Luís Godinho, árbitro internacional, sublinha a necessidade premente de aprimorar a videoarbitragem em Portugal, visando maior eficiência e menor interrupção do jogo. “A videoarbitragem tem obrigatoriamente de ser melhorada e trabalhada para que o impacto no jogo e o produto em si sejam melhorados, em termos de tempo perdido. Todos queremos que, se algum erro acontecer, a videoarbitragem corrija. Quando o sistema chegou a Portugal, houve a perceção de que iam deixar de acontecer erros de arbitragem. Isso nunca acontecerá, há sempre várias opiniões”, frisou o árbitro. A busca por sistemas mais rápidos é uma prioridade, especialmente em lances como o fora de jogo, que atualmente causam longas paragens. “Há sistemas mais rápidos e é isso que queremos. Com um jogo parado por vários minutos, 60 mil à espera, e não podemos dizer mais do que 'esperem'... Temos de dar todos estes passos na procura de mais e melhor tecnologia, para nos podermos salvaguardar. O erro de arbitragem tem de ser diminuído ao mínimo, para ter cada vez menos impacto”, expressou o árbitro da Associação de Futebol de Évora.
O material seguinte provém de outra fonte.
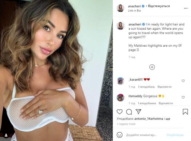 Как видно, на новом снимке Ана запечатлела себя сама, она стоит в ванной комнате и томно позирует в объектив. Перед камерой девушка с аппетитным телом появилась в светлом нижнем белье из тонкой полупрозрачной ткани, которая едва прикрывает все самое интимное. На грудь модель кокетливо положила ладошку, как будто прикрывая ее. Волосы Чери распущены в пышной красивой укладке, а на ее лице легкий макияж со сладким блеском на губах, она кокетливо смотрит в камеру. В подписи к фотографии Ана написала: "Я готова к светлым волосам и снова загорелому солнцу. Куда вы собираетесь отправиться, когда мир снова откроется? Мои основные моменты на Мальдивах находятся на моей странице". Поклонники тут же кинулись обсуждать новое фото фитнес-модели, засыпая ее комплиментами и восторженными комментариями. Напомним, Ана Чери приковала взгляд к своим "бутонам" в развратном платьице. А еще Politeka писала, что несравненная Ана Чери поиграла сочными объемами в кружевном лифчике. Также Politeka сообщала, что жаркая Ана Чери подразнила расстегнутой молнией на тесном топике.
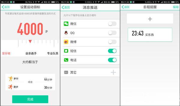 用app設置運動目標的時候,這里再一次體現了唯樂app對運動方面的用心,一般的智能手環app,在設置運動目標時,僅僅只有一個步數設置,而唯樂app將每個階段步數,用稱呼來分類了,例如業余選手4000步等,可以讓你更好的設置運動目標。而消息推送跟日程提醒這個兩個功能,在上面我也已經做了實際體驗展示,具體體驗就是那樣。
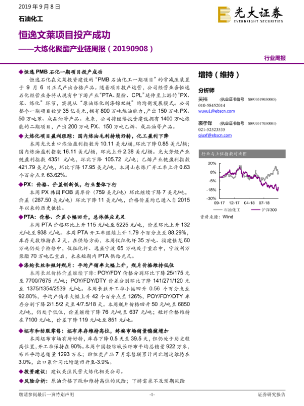 【光大证券】【20190908】大炼化聚酯产业链周报:恒逸文莱项目投产成功-13页
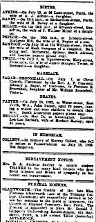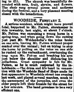 Newspaper records show that John continued as a storekeeper in Woodside. Alice Patten is born in 1869, and died shortly thereafter in March 1870.
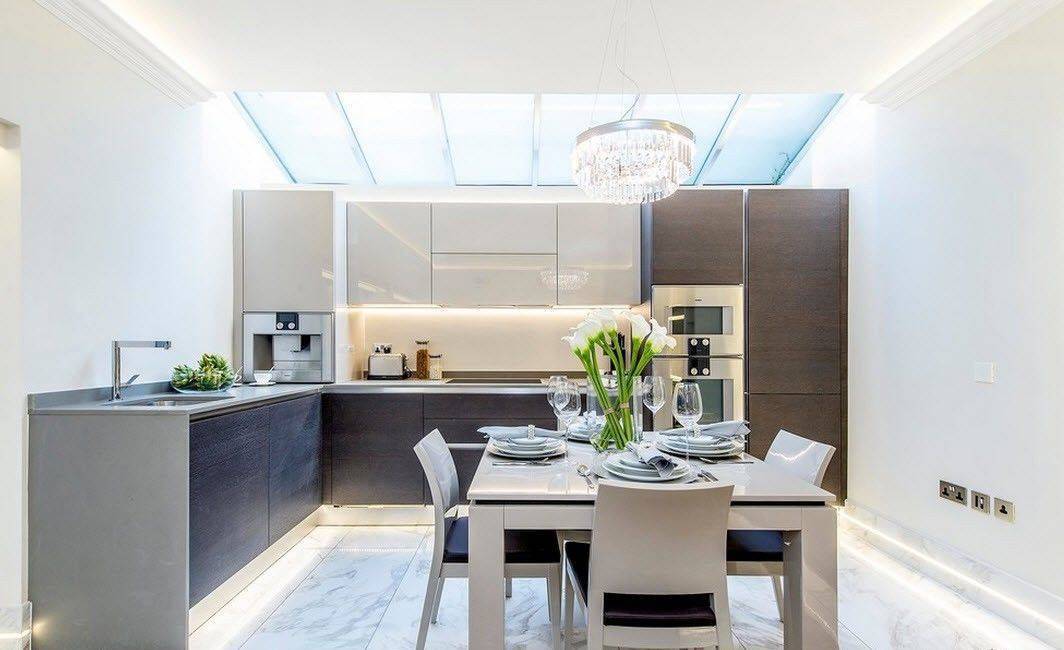 Важно! Белый цвет в таком оформлении интерьера должен быть основным и служить фоном для элементов венге. К примеру, на кухне выполняют белые поверхности стен потолка и пола с контрастирующими на их фоне гарнитуром и обеденной группой
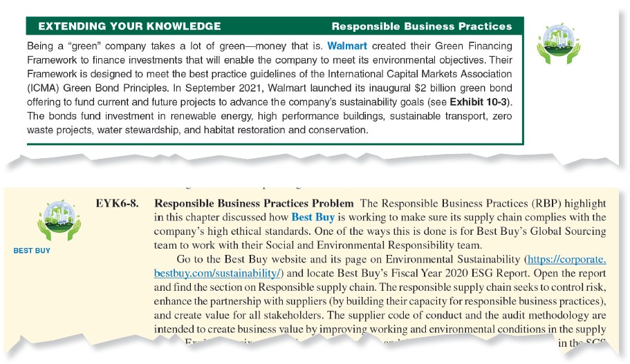 Increasingly, companies have found that “doing good” leads to a more successful, profitable enterprise. Today’s students are very engaged in the ESG movement, and we have incorporated Responsible Business Practices boxes and assignments to help students understand how corporate reporting on ESG is being embraced by forward-thinking enterprises as part of their long-term business models.
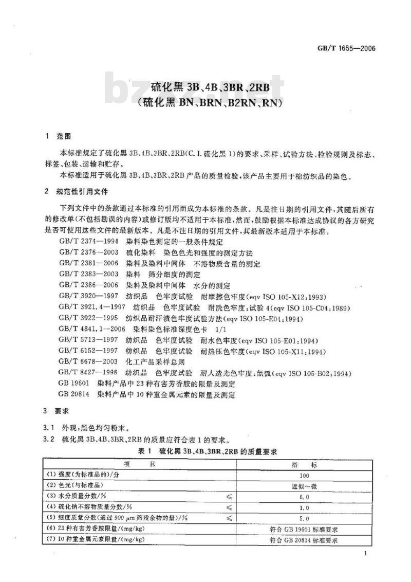 - GB/T 1655-2006 硫化黑3B、4B、3BR、2RB(硫化黑BN、BRN、B2RN、RN)
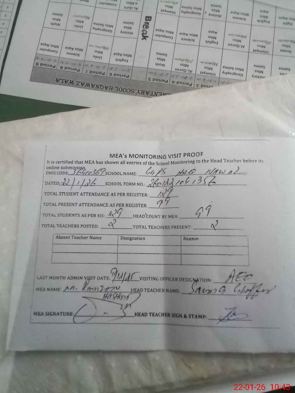 | Attendance Register | Head Teacher | MEA with School | Visit Proof |
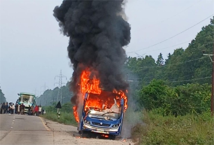 चन्द्रपुर। आज बिहान पूर्व–पश्चिम राजमार्ग अन्तर्गत चन्द्रपुर नगरपालिका–४ लच्का नजिकै काठमाडौँबाट चन्द्रनिगाहपुर आउँदै गरेको प्र.२–०३–००१ ख ५५५५ नम्बरको यात्रुबाहक बसमा अचानक आगलागी भएको छ।

Godinho partilhou uma experiência pessoal impactante da época 2020/21, envolvendo Luis Díaz e David Carmo, que demonstra as consequências severas das decisões arbitrais. O árbitro relembrou o lance onde decidiu expulsar Luís Díaz após este fraturar a perna de David Carmo. “Em 100 anos de arbitragem, ninguém tinha visto um lance destes. Nessa altura, tentei justificar a minha decisão ao 'staff' do FC Porto, numa situação para a qual nem eu estava preparado. Essa decisão valeu seis meses com polícia à porta. As decisões dos árbitros extravasam o campo. Era uma decisão de '50/50', onde cada pessoa tinha uma opinião diferente. Tive de tomar uma decisão naquele momento e as consequências pessoais foram muito graves”, vincou o árbitro internacional. Este episódio evidencia a pressão e o impacto pessoal que as decisões em campo podem ter, transcendendo as quatro linhas. A este respeito, Luís Godinho apela a uma mudança na mentalidade do futebol português, comparando-a com a forma como o futebol inglês é percebido e vendido
. “Os árbitros ingleses erram tanto ou mais do que nós. A diferença é como se vê o produto. Inglaterra vê-se como um produto de alto nível e isso tem impacto na forma como as pessoas olham para o seu futebol. Eu tenho responsabilidades, tento ser melhor e errar menos, mas não sou só eu. É uma questão de mentalidade e de trabalhar as regulamentações, para que o produto seja melhorado”, assumiu.
Paralelamente à discussão sobre a melhoria do VAR, a arbitragem portuguesa celebrou dois momentos cruciais na semana passada, que sinalizam um caminho promissor para o setor. O destaque vai para o arranque do Projeto dos Coordenadores Técnicos Distritais, uma iniciativa que visa uniformizar critérios e acompanhamento de árbitros em todo o país. A implementação desta rede, com um responsável técnico em cada um dos vinte e dois conselhos de arbitragem, representa um salto qualitativo significativo, promovendo o crescimento técnico, comportamental e humano dos árbitros. “Pela primeira vez, está implementada uma estrutura técnica local, pensada para acompanhar árbitros, ajudando-os a crescer não apenas sob o ponto de vista técnico, mas também sob o ponto de vista comportamental e humano”, refere o artigo. No mesmo dia, a entrega das insígnias FIFA a 53 árbitros internacionais marcou um recorde e um reconhecimento do mérito e do trabalho consistente da arbitragem portuguesa. Este número é “o resultado de anos de investimento e de uma cultura que valoriza cada vez mais a responsabilidade, a preparação e o desempenho”. Estes árbitros, “muitas vezes mal amados intramuros, mas crescentemente valorizados além-fronteiras”, representam a imagem do futebol português nas competições internacionais, servindo de exemplo e inspiração para as novas gerações. “Para quem está agora a começar, para quem ainda percorre os campos distritais, estes(as) árbitros(as) são referências, heróis a seguir. A prova viva de que o caminho pode ser percorrido com resiliência e ambição”, conclui a nota sobre o tema. Estes avanços demonstram um esforço conjunto para fortalecer a arbitragem desde a base até ao topo, com uma visão estratégica para o futuro, visando uma arbitragem mais forte e credível no panorama nacional e internacional.